I didn’t know Cal, that was true, but I knew myself. I wasn’t a murderer. I was a killer, but only if I had to be. I wasn’t an abusive shit like our mother was said to have been. But most of all, I wasn’t a thief. I wasn’t stealing Cal’s life or Niko’s brother. I’d t
hought it before: Niko Leandros was a born martyr, but now it was time for him to walk away just this once and let someone else take the stoning in his place. Cal wasn’t happier this way, because I wasn’t Cal; I was only a piece of him.
Whoever Cal was didn’t make a difference. I wasn’t complete. I wasn’t the real deal, but real or not, illusion or the foundation of an actual person, I was a good guy. If you could have anything in the world, that was one of the better things to have. Tombstones crack and fall. Fortunes come and go. Legends fade. What you did with your life, no matter how short it was or how real it was, that counted.
That lasted forever.
“Did you fall asleep?” A sharp elbow stung me over my ribs.

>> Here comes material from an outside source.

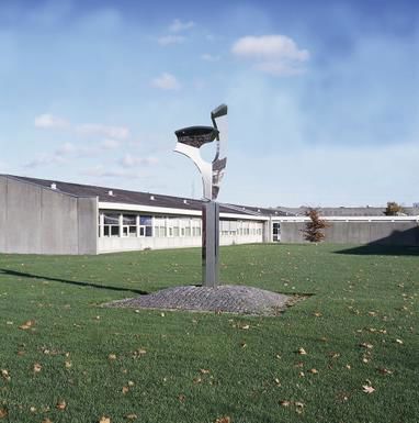 The stainless steel is characteristic of Børge Jørgensen. Oftentimes nature acts as inspiration for the abstract, yet organic shapes are reminiscent of sprouting growths. However, the sculpture also bears resemblance to an oversized tool. The upper part of the sculpture is able to twist around its own axis, symbolising the logo of AMU-Centeret, which stands for quality, flexibility, adaptability and development.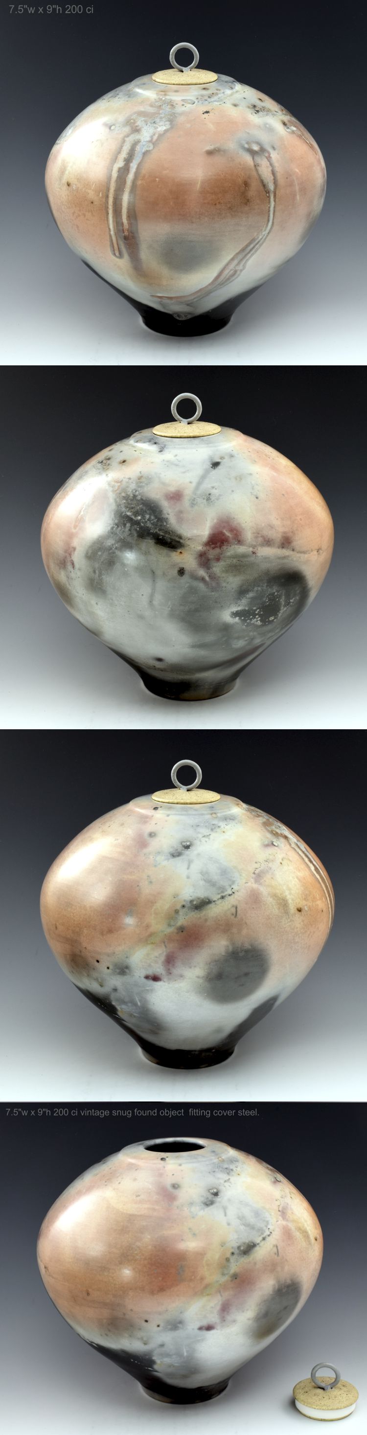 Burnished, Sagger fired Porcelain Vessel with vintage found object snug fitting cover.

I let it all slide out of sight. It was a waiting game now. My memories would come back, but I couldn’t pick when. That was out of my hands, although using Niko’s vomit-worthy toothpaste instead of the minty-fresh venom-laced one would make sure it did happen and sooner rather than later. Sitting around thinking what a damn heroic guy I was wasn’t going to make anything happen on the Ammut front, though. I had to pay that rent.
“Thinking how annoying it would’ve been to wake up to five or six Nikos instead of just the one. You’re damn annoying all on your own. More brothers? No way.” I elbowed him back. “Since we don’t know anything about what bat-shit-crazy Ammut wants from us, why don’t we dangle ourselves in front of her so she can ask us personally? Get Goodfellow to hold whatever rich shits of New York party he’s going to tonight.” The puck had said it would take days to do right and be believable. But if we put enough bait in the trap, it wouldn’t have to be believable—only too good to pass up. “Have him invite a crapload of vamps and Wolves and whatever else crawls out from under the beds along with humans. Stack the deck. It’ll be too juicy a temptation. Ammut will either try to eat the guests or jump us to ask us about the brothers-and-sisters thing.”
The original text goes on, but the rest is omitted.